Swedish touch doesn’t save ‘Dead Man Down’
The unusual location and burst of cleverly profane dialogue don’t rescue the weirdly eccentric character thriller “Dead Man Down,” helmed by “Girl with the Dragon Tattoo” director Niels Arden Oplev and starring the always feral Colin Farrell and the all-over-the-place N
McClatchy-Tribune News Service (MCT)
“Dead Man Down,” with Colin Farrell, Noomi Rapace, Terrence Howard, Dominic Cooper, Isabelle Huppert. Directed by Niels Arden Oplev. 110 minutes. Rated R for violence, language throughout and a scene of sexuality. Several theaters.
With all that attention focused on the original Swedish “Girl with the Dragon Tattoo,” very little of it seemed to have spilled over onto the director.
Was its success simply due to story and settings and Swedishness?

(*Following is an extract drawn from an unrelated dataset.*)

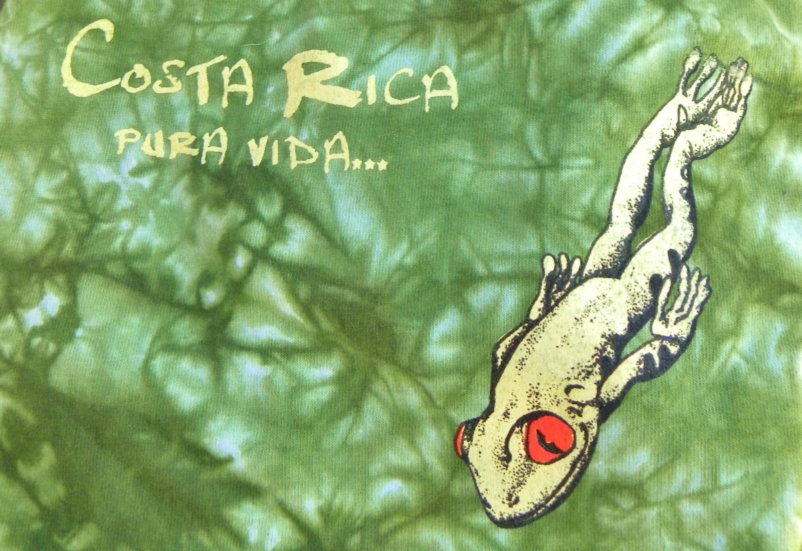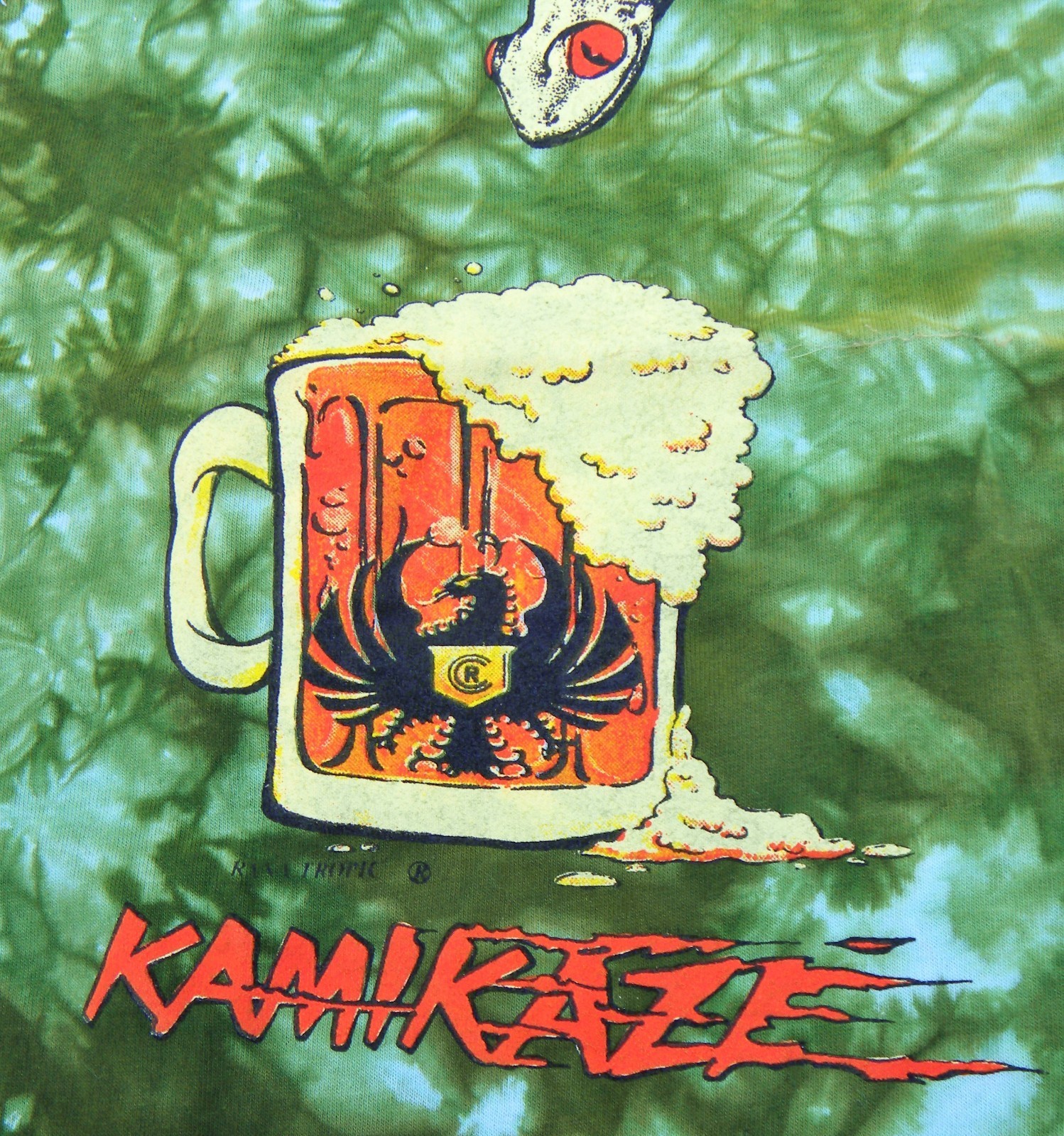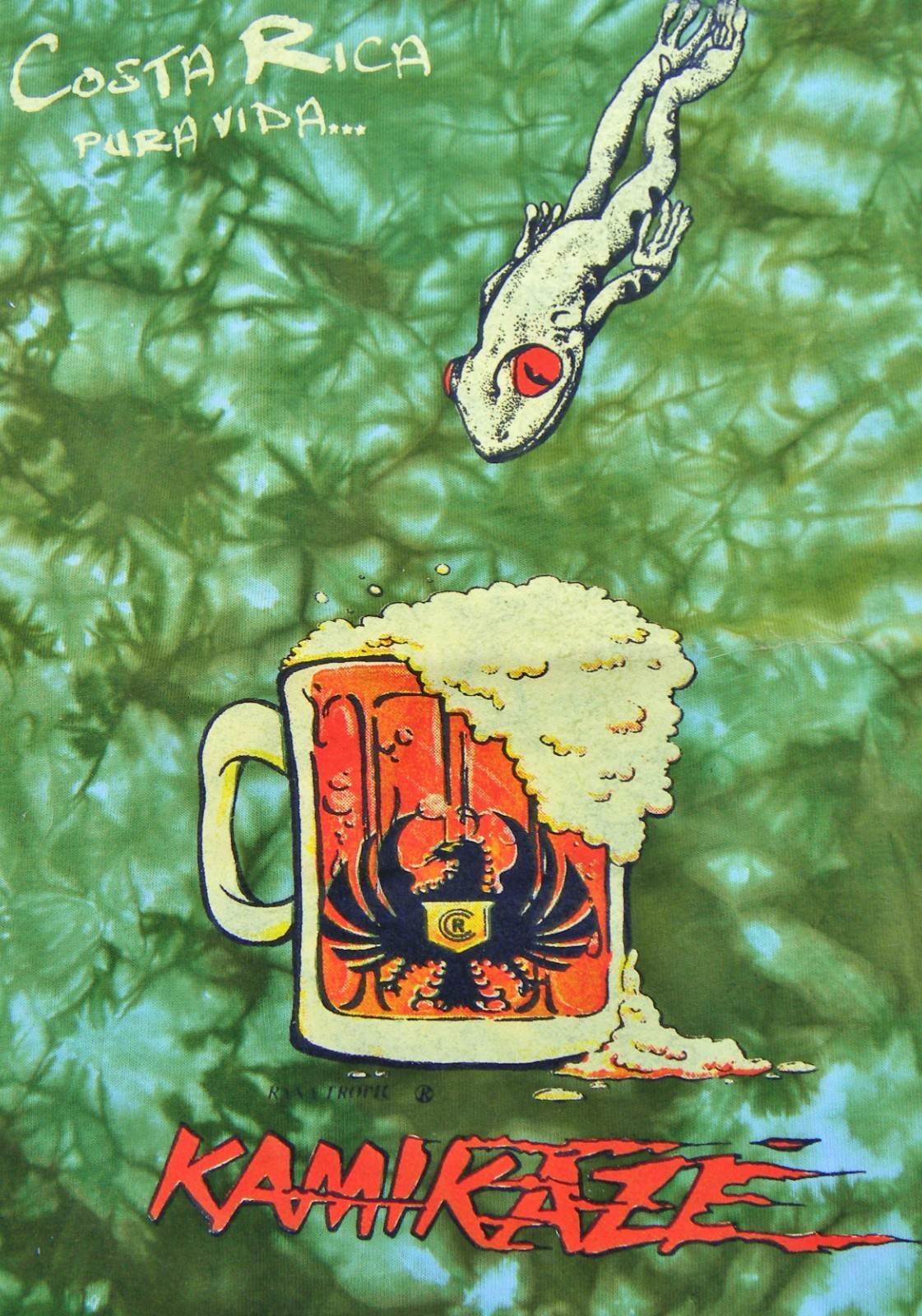 You are viewing a preowned Vintage Y2k Tie-dyed Tee in size Adult Large by Rana Tropic (Costa Rica). Fabric 100% preshrunk Cotton. The moss green/white has colorful "Raised" Graphics featuring a very RAD red-eyed " Kamikazee" Frog. LOTSA Graphics front and rear which the photos portray well. Vintage NOS Condition: This tee has not been worn, but has been stored in plastic case. PLEASE view at all Photos so that you will know exactly what you are buying. OUTER Measurements: Actual Chest: 41"~Rear Length: 30". Thanks for looking!

Maybe. “Dead Man Down,” a Hollywood production directed by “Tattoo’s” Niels Arden Oplev, is no ringing endorsement of his contributions to the “Tattoo” trilogy.

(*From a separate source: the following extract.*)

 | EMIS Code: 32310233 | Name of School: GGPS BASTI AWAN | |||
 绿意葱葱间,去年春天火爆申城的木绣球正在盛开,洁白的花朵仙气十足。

A weirdly eccentric character thriller, “Dead Man” boasts his original “Girl,” Noomi Rapace, playing a character almost as bizarre as Lisbeth Salander, but unevenly so. It’s hard to decide which is worse, the sometimes manic, badly-scarred car crash survivor who wants revenge on the drunken driver who ruined her life, or the actress clumsily playing her.
Colin Farrell is Victor, a secretive low-level mob enforcer. Rapace is Beatrice, a French woman living with her quirky mom (the great Isabelle Huppert) in an apartment just across the way. Beatrice, scars and all, flirts with Victor, balcony to balcony. Then it’s cellphone to cellphone.
That’s followed by an awkward first date, all silences and non-sequiturs.
But darned if Beatrice doesn’t blurt out that she knows what Victor does, and that he’d better get her revenge for her, or she’ll rat him out to the cops.
And Victor, unlike any other mobster/ hit man you’ve ever heard of, lets her get away with it. Maybe he’s got a soft spot for French women. Maybe he sees a connection to her, a connection that hints at his own motives for doing what he does.
The kingpin Victor and his pal Darcy (Dominic Cooper) work for keeps losing henchmen, and getting messages — clues, snips of a photograph that will eventually tell him who is tormenting him and stalking him.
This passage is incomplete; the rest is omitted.